DNA reveals the REAL origins of 4,000-year-old mummies found in China

The Bronze Age mummies found in China’s Taklamakan Desert decades ago were NOT travelers from the West but part of an ancient Ice Age Asian population.

Credits: AP

Back in the 1990s, archeologists uncovered about 300 well-preserved mummies dating from between 2,000 B.C. to 200 A.D. in tombs in the Tarim Basin in China’s autonomous Xinjiang Uyghur region. At the time, the scientists supposed the bodies were of Western travelers because of their facial features.

The mummies, including that of “the Beauty of Xiaohe,” had red and light-brown hair, as well as unusual clothing and diet for the Chinese region. Experts initially thought they were migrants from the Black Sea region of southern Russia, as per Daily Mail.

Credits: Wenying Li, Xinjiang Institute of Cultural Relics and Archaeology

However, scientists recently debunked the theory that the mummies were Westerners. Analyzing genomic data from 13 of the oldest known mummies, they concluded the Tarim Basin ones were direct descendants of Ancient North Eurasians(ANE). Their group largely disappeared approximately 11,550 years ago, by the end of the last Ice Age.

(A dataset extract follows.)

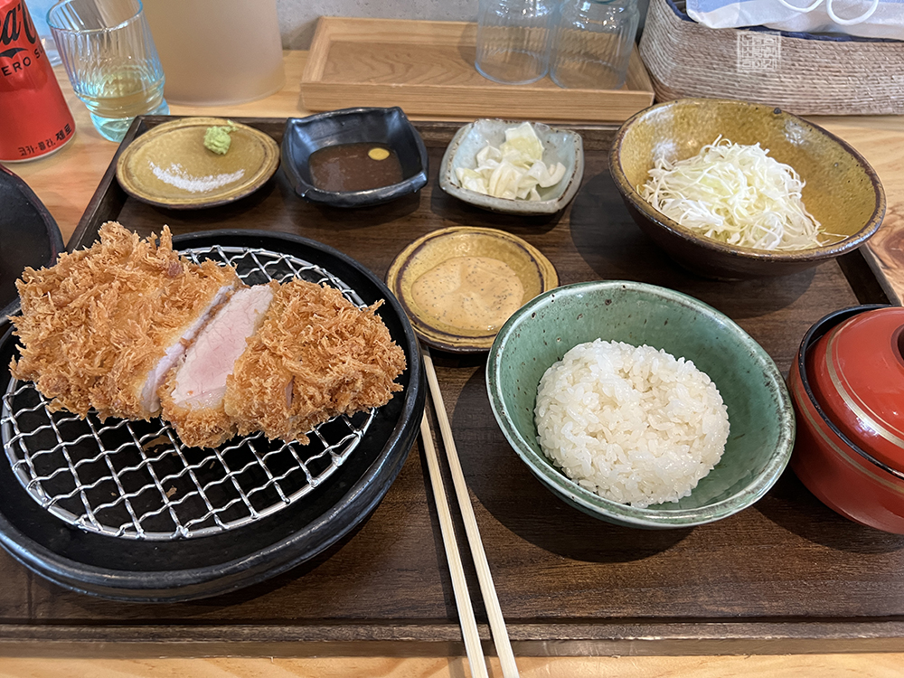 내가 종종 돈가스를 먹으러 가는 부산의 돈가스 맛집도 이 가격에서 2~3천 원밖에 차이가 나지 않기 때문에 조금만 더 맛있는 음식을 먹는 데에 돈을 쓴다고 생각하면 된다. 여기서 내가 주문한 건 로스카츠 정식(밥+국+카츠+양배추 구성)과 함께 간단히 곁들일 치킨 가라아게 3조각, 그리고 제로콜라 한 개 구성으로 총합 23,500원이 들었다.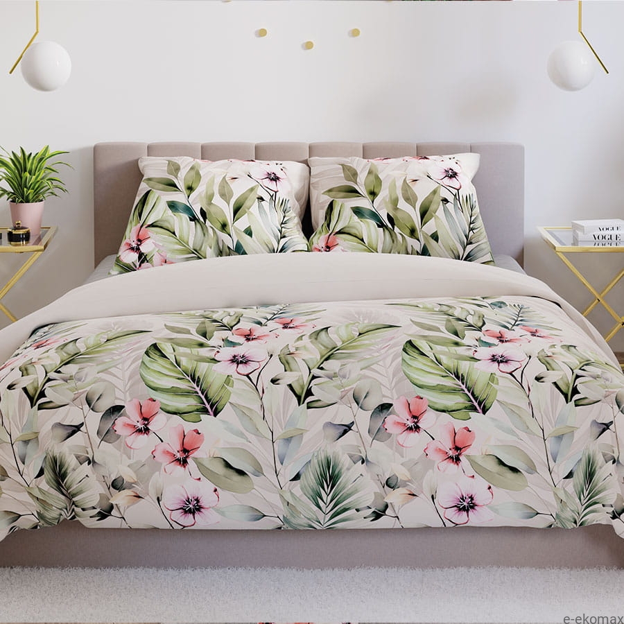 Zachwycający motyw botaniczny, złożony z bujnych zielonych liści oraz różowych kwiatów hibiskusa, wprowadza do wnętrza odrobinę egzotyki i świeżości. Zestaw zawiera poszwę na kołdrę o wymiarach 220x200 oraz dwie poszewki na poduszki o wymiarach 70x80, co czyni go idealnym wyborem dla osób ceniących sobie wygodę i styl. Zamknięcie na zamek błyskawiczny zapewnia łatwe i szybkie zakładanie pościeli, a także jej idealne dopasowanie.

Choongwon Jeong, a biologist at Seoul National University, stated:

“Archaeogeneticists have long searched for Holocene ANE populations in order to better understand the genetic history of Inner Eurasia. We have found one in the most unexpected place.”

Credits: Wenying Li, Xinjiang Institute of Cultural Relics and Archaeology

Christina Warinner, a Harvard anthropologist, noted that the people of the Tarim Basin were genetically isolated but “culturally cosmopolitan.”

Speaking to CNN, Warinner added:

“They seem to have openly embraced new ideas and technologies from their herder and farmer neighbors, while also developing unique cultural elements shared by no other groups.”

Credits: Wenying Li, Xinjiang Institute of Cultural Relics and Archaeology

According to Yinquiu Cui, a professor in the School of Life Sciences at Jilin University, the recent discovery has “a transformative effect on our understanding of the region.” 

The professor hopes he would have the opportunity to analyze ancient human genomes from other eras “to gain a deeper understanding of the human migration history in the Eurasian steppes.”